Vice-Chancellor’s foreword
“Launching a new strategic plan brings with it ambition and optimism about the art of the possible – a chance to look back on achievements, and challenge ourselves about our next steps. The RCA is already a launchpad for the world’s creative leaders. We attract the most talented students who come to us as the world’s most influential postgraduate art and design school to have access to leading faculty and push the boundaries of their fields. The Strategic Plan 2022–27 is our roadmap to continue to do that – and much more”
Vice-Chancellor
The RCA’s Royal Charter is explicit about our contribution to the arts, design, industry, commerce and social development and it continues to underpin our purpose. By bringing together traditional and new disciplines, challenging social and cultural perspectives, and through interdisciplinary collaboration between faculty, students, researchers, industry and our communities, we create new knowledge, insights and innovations. Our graduates enter fields that are driven by innovation, technology and the power of personal creative expression. They go on to create social value, economic opportunity, enrich our visual culture and solve global challenges.

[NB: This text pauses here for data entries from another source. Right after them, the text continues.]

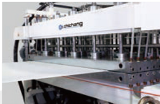
Vacuum Calibration Unit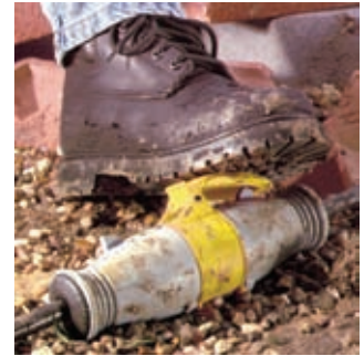
Fig 8: Plug and socket-outlet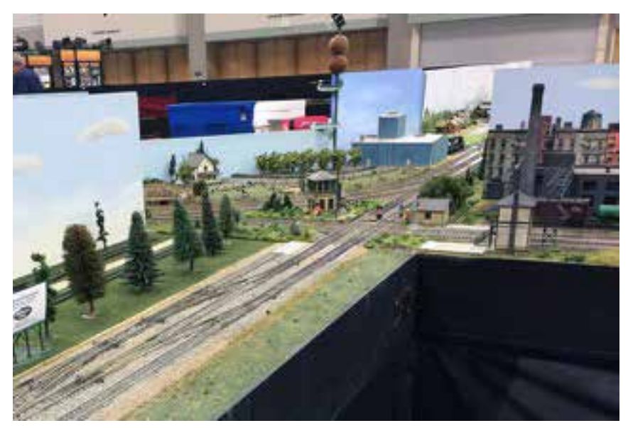
The Hub Diamond, leading to Division 4 modules on three legs of the layout.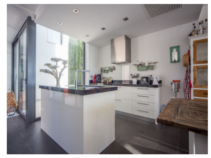
Kitchen with patio views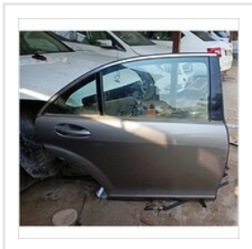
Audi Mercedes BMW All Doors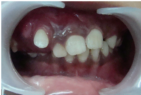
FIGURE 2: Intraorally unilateral reddish discoloration of gingiva (port wine stain) with osseous enlargement, drifting of teeth, and malocclusion.

labial frenum to the first molar region with osseous enlargement and drifting of teeth with retained primary upper right central incisor tooth (Figure 2). Gingiva showed overgrowth (hyperplasia) on the right side with bleeding on probing. Gingival enlargement blanched on applying pressure which was suggestive of angiomatous enlargement. Orthopantomographic examination revealed retained upper primary right central incisor, osseous enlargement on the right side of maxilla with drifting of upper permanent right lateral incisor, canine, and first and second premolar teeth (Figure 3). Maxilla showed asymmetric growth with malocclusion. Further CT scan investigation showed facial asymmetry with marked osseous expansion of maxilla (Figure 4). Diagnosis of Sturge-Weber syndrome with osteohypertrophy with gingival hyperplasia was made based on clinical, radiographic, and CT scan investigation.

Throughout our 185-year history, we’ve continually evolved to meet the needs of the most talented artists and designers, creators and innovators. For the past decade, we have expanded the range of disciplines and choice of Master’s programmes on offer, with new programmes in Environmental Architecture, Service Design, Writing, and Contemporary Art Practice, to name but a few. We’re experiencing for ourselves the changing models of how people want to learn and the increasingly broad backgrounds of our graduates. Some 25% of students now come to the RCA with undergraduate degrees in subjects such as the sciences, history, law or social sciences – and this brings a richness of perspective to our community that we will continue to foster.
We’ve pioneered collaborative and interdisciplinary learning, integrating the arts and science as never before in an art-school setting. We’ve broken down silos and made faculty appointments in Robotics, Material Sciences and Computer Science. Through our award-winning incubator InnovationRCA, we’ve proved that technology and the creative arts are a powerful amalgam – “createch” – for successful new start-ups. We are proud to have seen 78 companies launched, 36% of them by women, with a combined valuation of almost £300m and a remarkable survival rate of 67% after five years. And we’ve demonstrated that design can be at the forefront of the research question, with the RCA as Principal Investigator leading UCL, Manchester, York and Leeds universities, in a major UKRI-funded research project in Materials Science and the Circular Economy.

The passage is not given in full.